Interview with Anke Stahl

Anke Stahl is Head of the Section “Development-related Postgraduate Courses” of the German Academic Exchange Service (DAAD).

What got the Millennium Express rolling?

It’s really result of the desire on the part of our postgraduate scholarship holders to build and strengthen their network. Wanting to make the most of their time in Germany, they are looking for an interdisciplinary setting in which to meet and get organised. They are looking for ‘outside-the-box’ exchange that not only pushes their horizons but builds the foundation for future networks. For example: A Ugandan from Dresden meets a Ugandan from Hanover as part of the Millennium Express, where the seeds of future projects are sown. Once back in Uganda, they’ll join forces and develop a full-blown project. The students have plenty planned.

Like what?

Some 270 scholarship holders arrive each year in Germany and are enrolled in postgraduate programs all around the country – from Freiburg to Flensburg, and from Bonn to Berlin. With a full schedule, complete with excursions and exams, it’s not always easy for the students to stay involved in the network.

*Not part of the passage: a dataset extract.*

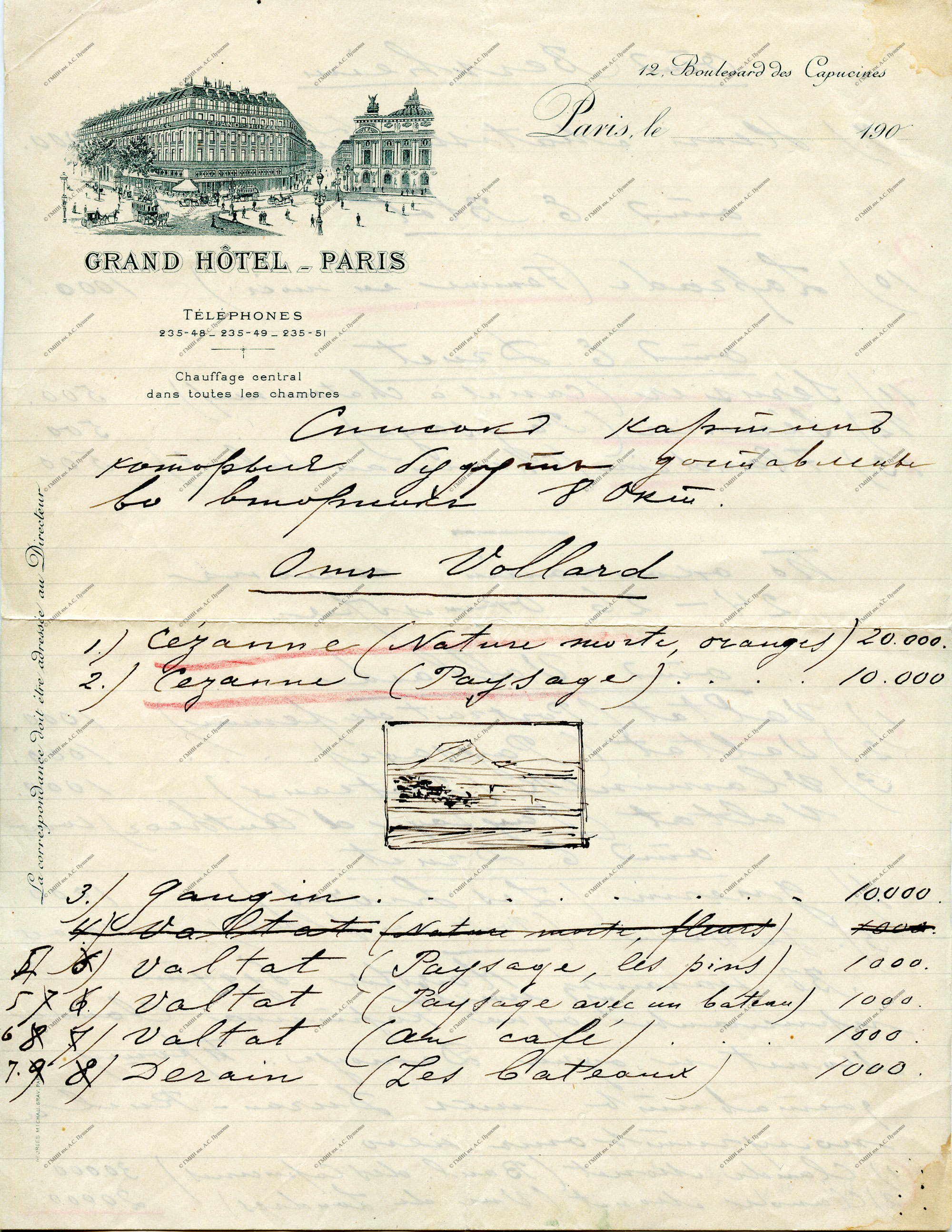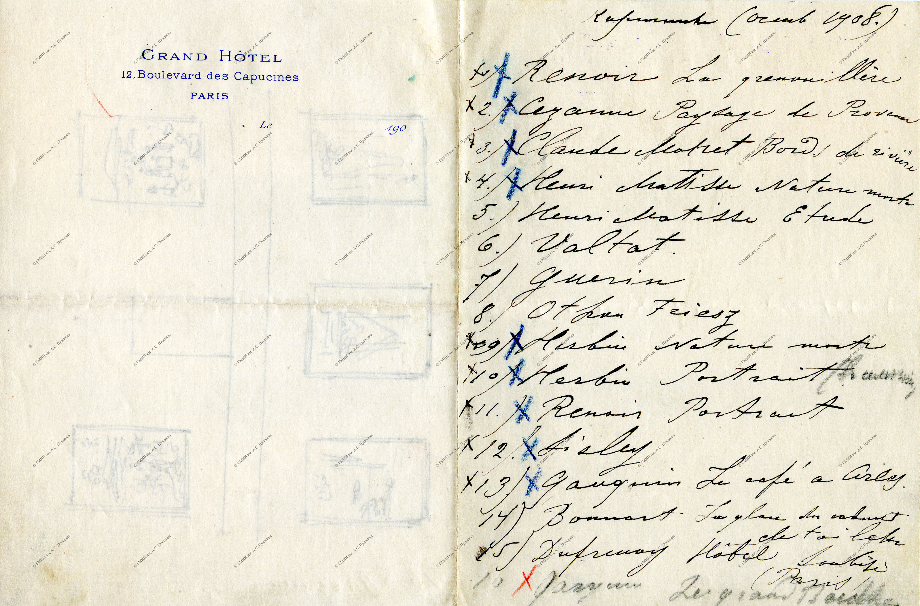 1. Составленый И.А.Морозовым список картин приобретенных у Воллара, Бернхейма, Дрюэ, Бло Октябрь б/г (после1907) Написан на почтовой бумаге Гранд Отеля (Париж)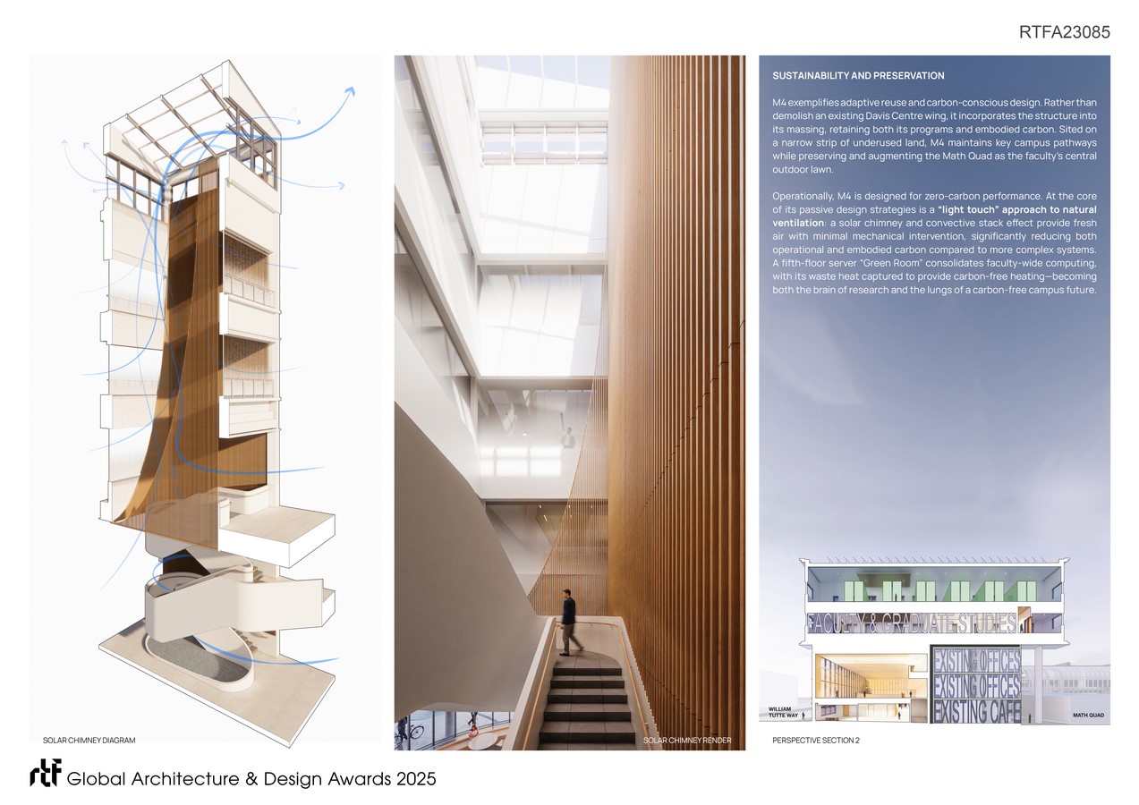 M4 exemplifies adaptive reuse and carbon-conscious design. Rather than demolish an existing Davis Centre wing, it incorporates the structure into its massing, retaining both café and office functions while reducing embodied carbon.

But when they met last year in Bonn, they decided to re-commit to a network devoted to issues related to sustainable development, with the baton being passed each year to the new incoming class of scholarship holders. The students have organised themselves into six workgroups, where they look at some of toughest challenges of the 21st century, such as poverty reduction, conflict prevention or resource management. The Millennium Express provides a meeting point, both thematically and organisationally, for more than 40 different academic programmes.

What makes the Millennium Express so special?

Participants come from a diversity of professional and cultural backgrounds, so the workshop discussions are characterised by a wide range of perspectives. The interdisciplinary, holistic approach here in Germany is new to many of the programme participants. It is an experience that both challenges and enriches them. These kinds of workshops can also produce new and innovative research ideas and projects, which the participants can then introduce back in their home countries.

DAAD has been supporting the “Postgraduate Courses for Professionals with Relevance to Developing Countries” programme for 25 years now.
Sounds like a real success story …

Absolutely – and interest in the programme continues to grow with every new year. More than 5,000 students from developing and threshold countries have graduated from the programme since its inception 25 years ago. It’s a unique programme that helps young professionals and junior executives, all with at least two years of work experience under their belts, gain higher degrees in one of 40 different Masters and PhD programmes at a German university. A DAAD scholarship provides them the means to do this. Despite their diversity, the courses have one thing in common: they train the participants in interdisciplinary methods and research and teach them how to approach some of our time’s most pressing issues in a solution-oriented way.

What happens to the participants once they’ve completed their studies?

More than three-quarters of our programme graduates return to their home countries and launch their careers there. This demonstrates that the postgraduate courses are indeed tailored to the needs of the respective countries. Many alumni maintain contact to their German university, to DAAD and to their fellow colleagues from Latin America, Africa and Asia. And some take part in discipline-specific alumni projects, which helps maintain and build their international networks.